**Work task**:
Write out nothing but the lines from the first line of the entries below through the line with "Orecchini Mandala, realizzati"; no pictures go in.

________

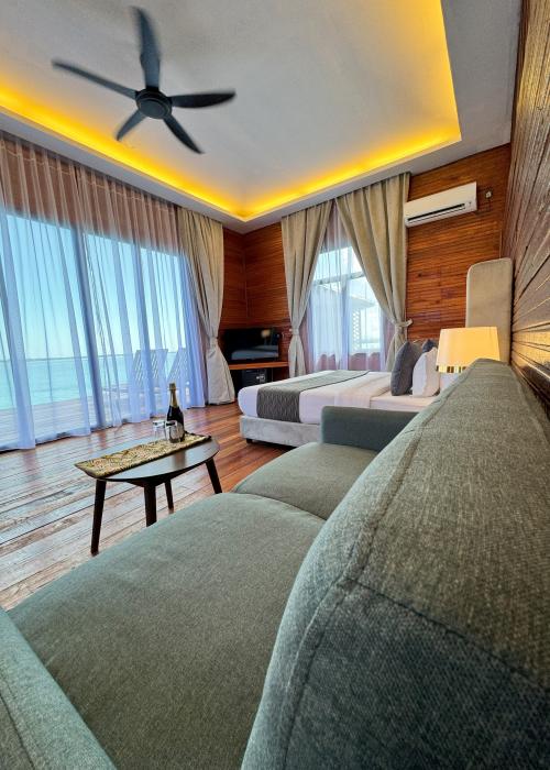 Each villa is a haven of tranquility, floating gracefully above the crystal-clear waters. Designed with elegance and comfort in mind, our villas offer stunning views, modern amenities, and direct access to the ocean.
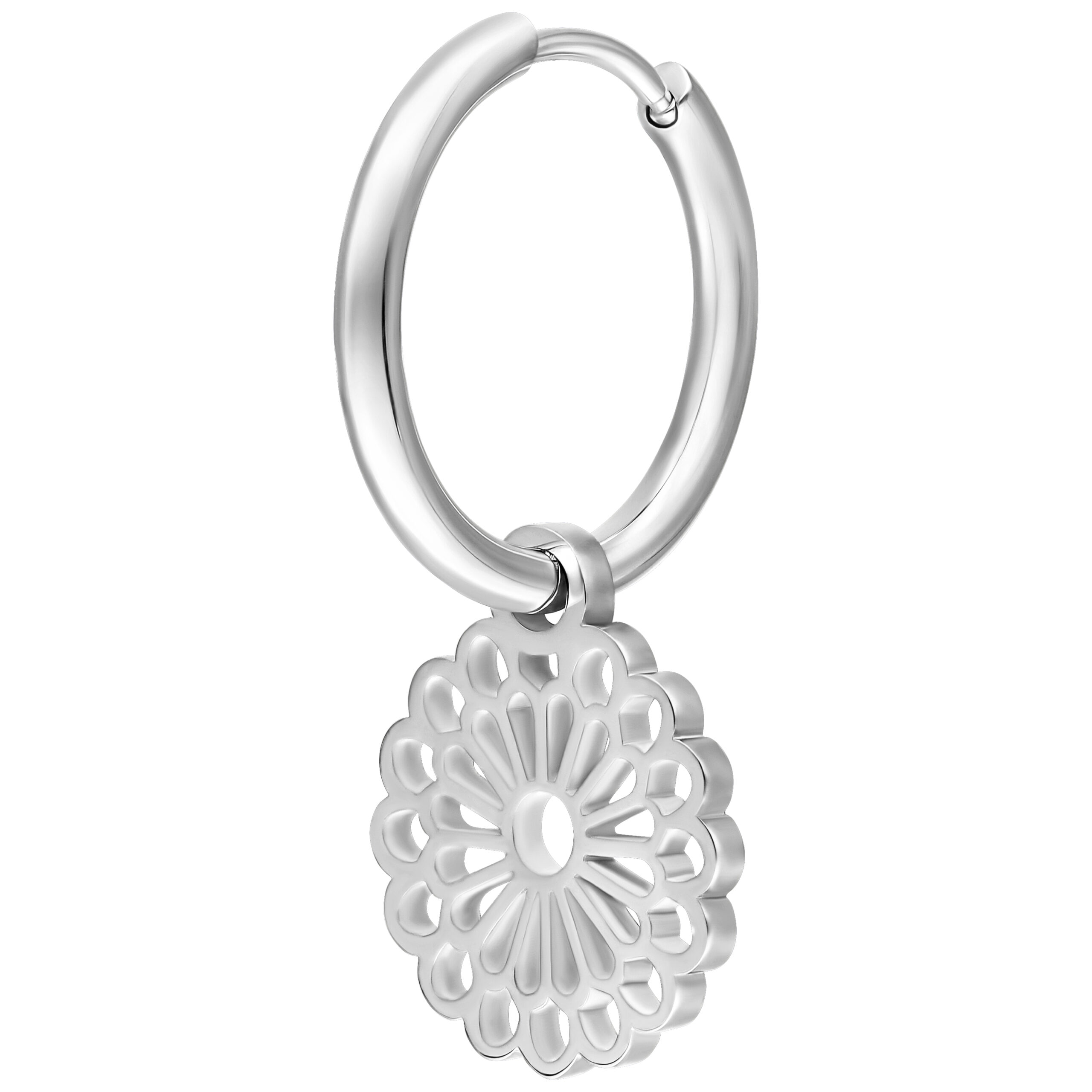 Orecchini Mandala, realizzati in acciaio con colorazione naturale.
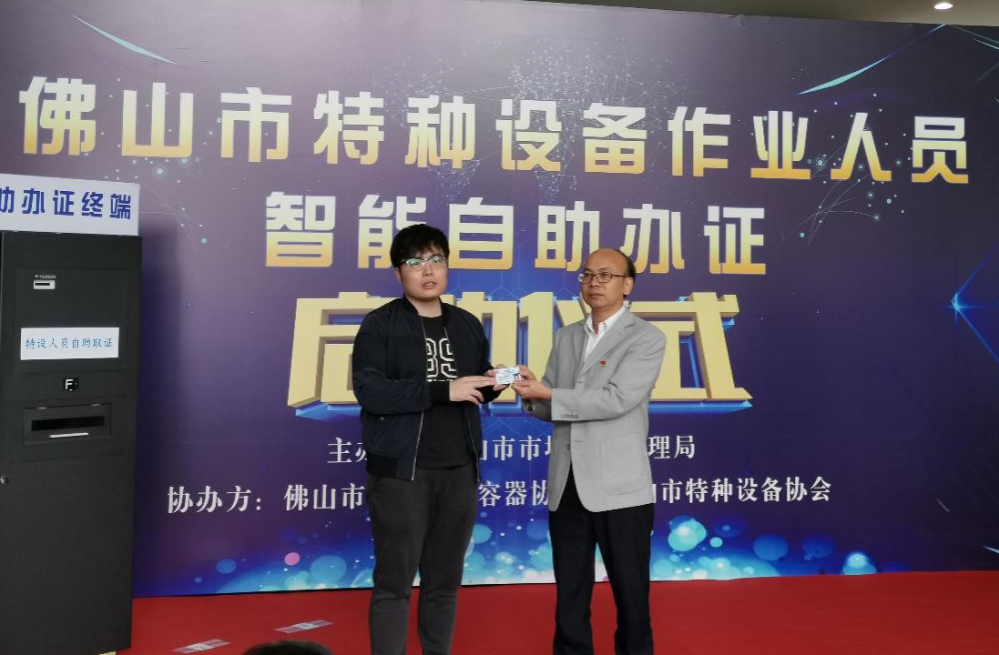 佛山市民领取全国首张特种设备安全管理和作业人员智能CPU卡-金赋助力佛山营商环境改革又一力作
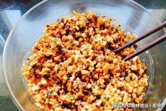 6.搅拌至所有菜粒充分裹上油分后,加入1勺胡椒粉,半勺花椒粉,1勺生抽,1勺老抽,1勺蚝油,小半勺鸡精,1勺食盐,1勺香油再次搅拌均匀即成饺子馅。这里先浇热油再调味,一是为了增香,二是让蔬菜先裹上油分以后再加盐就不会出水,这样做即可以避免营养流失,也不用再担心饺子出水破皮的问题。
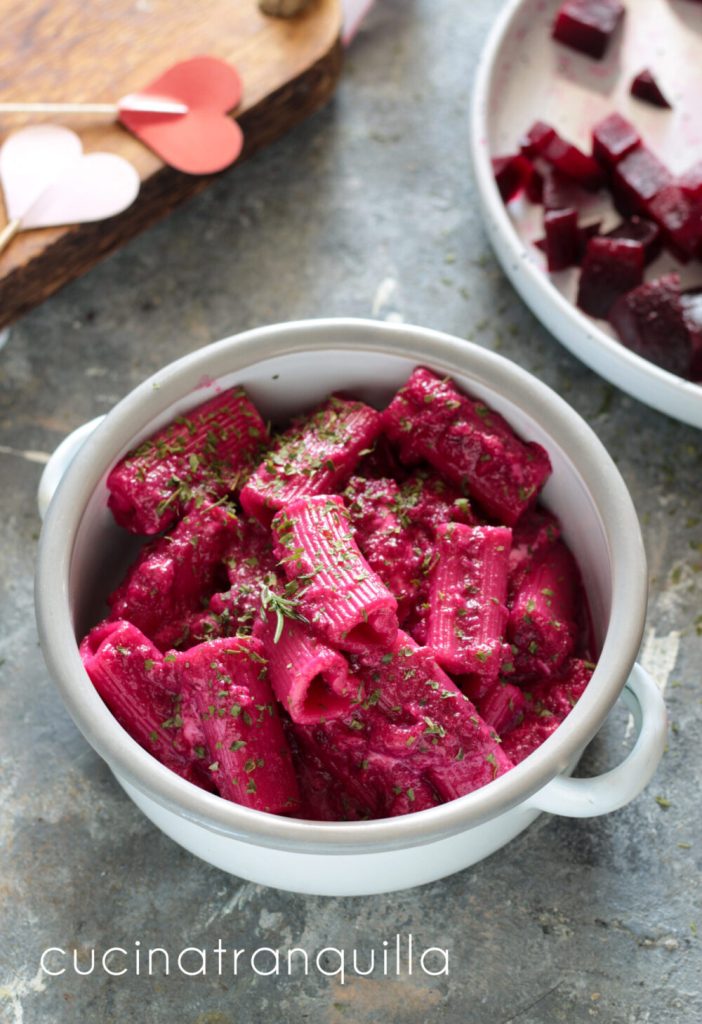 Rigacuori à la betterave rouge et stracchino recette pour la Saint-Valentin, une recette facile et rapide qui se réalise pendant le temps de cuisson des pâtes ! Idéale pour le dîner, cette recette nécessite très peu d’étapes et d’ingrédients. La mienne est sans lactose parce que le stracchino et le beurre sont complètement délactosés, donc elle est idéale aussi pour les intolérants. Et comme chaque Saint-Valentin, depuis quelque temps maintenant, cette année encore nous renouvelons la tradition de mettre sur la table les Rigacuore de la Molisana ! Ici en bas, je vous laisse quelques recettes de plats principaux idéales pour cette occasion tandis qu’en bas, à la fin de la description complète des étapes photographiques, je réponds à quelques questions plus communes.
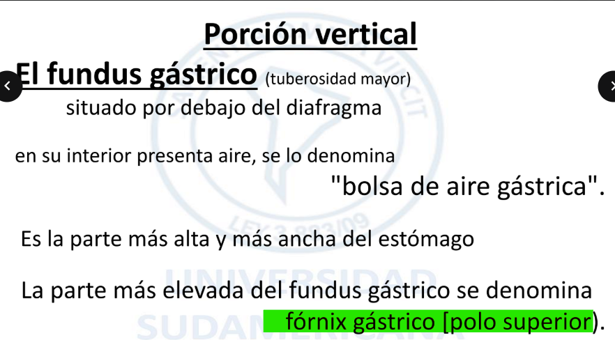 Como se denomina La parte más elevada dei fundus gástrico
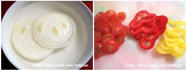 얇게 둥글게 슬라이스한 양파는 찬물에 잠시 담궈 매운맛을 제거하고
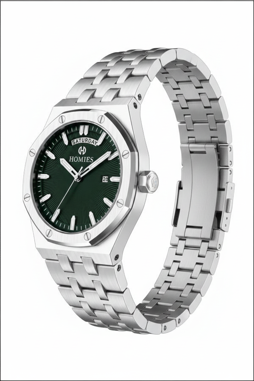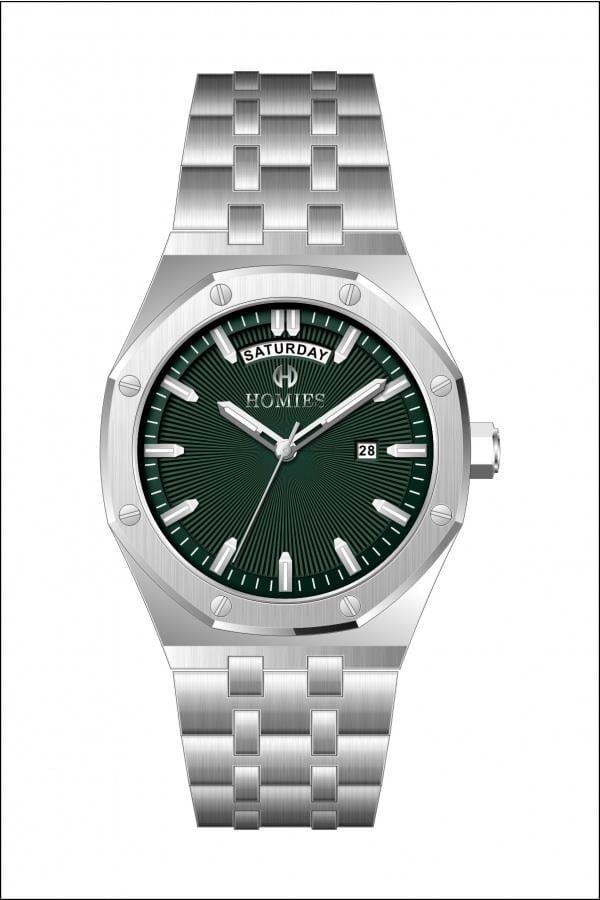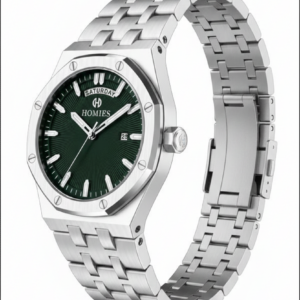 Modern tasarımı ve yeşil kadranın dikkat çekici şıklığı ile öne çıkan HOMIES HM26098S01-3, günlük ve klasik kombinlere kolayca uyum sağlayan güçlü bir erkek kol saatidir. Gümüş renk çelik kordonu ve geniş kasa yapısı sayesinde bilekte maskülen ve dengeli bir duruş sunar.
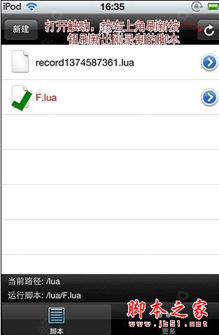 3、然后我們打開觸動(dòng)精靈,點(diǎn)擊右上角的刷新按鈕,就會(huì)刷新出你剛才錄制的腳本;
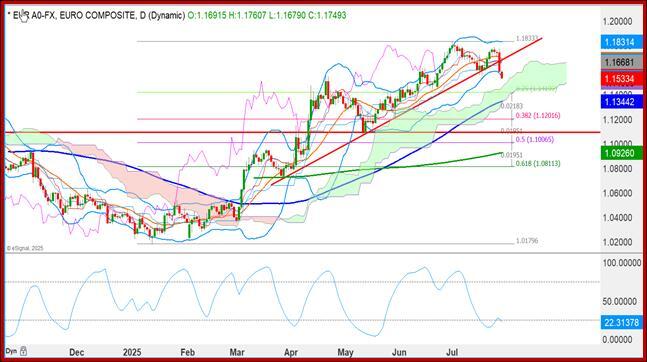 If we draw a classic Fibonacci retracement from the low on Jan 10 to the high on July 1, the 38% retracement lies at 1.1202. The 50% retracement lies at 1.1007. If we take the midpoint, it lies at about 1.1090. Fib retracements are superstitious hooey, but so many traders believe in the idea that it often becomes self-confirming.
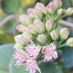 ᰔᩚ ᥫᩣ ①ヤマトニシキ 可愛い蕾〰️徐々に開花 ②ミセバヤ 葉がとても綺麗です ③日高ミセバヤ 2週間前にお迎え 早くも蕾発見(☆∀☆) ④桜吹雪 花後の株を迎えてからやっと花芽🙌 ⑤マッコス 緑色の花が爽やか🍀*゜ ヤマトとマッコスは百均産 多肉さんたち集めて見ました🪴
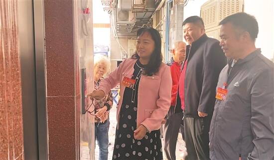 人大代表郑少琼按下按钮,和大家一起启动电梯

________

**Finished task**:
 Each villa is a haven of tranquility, floating gracefully above the crystal-clear waters. Designed with elegance and comfort in mind, our villas offer stunning views, modern amenities, and direct access to the ocean.
 Orecchini Mandala, realizzati in acciaio con colorazione naturale.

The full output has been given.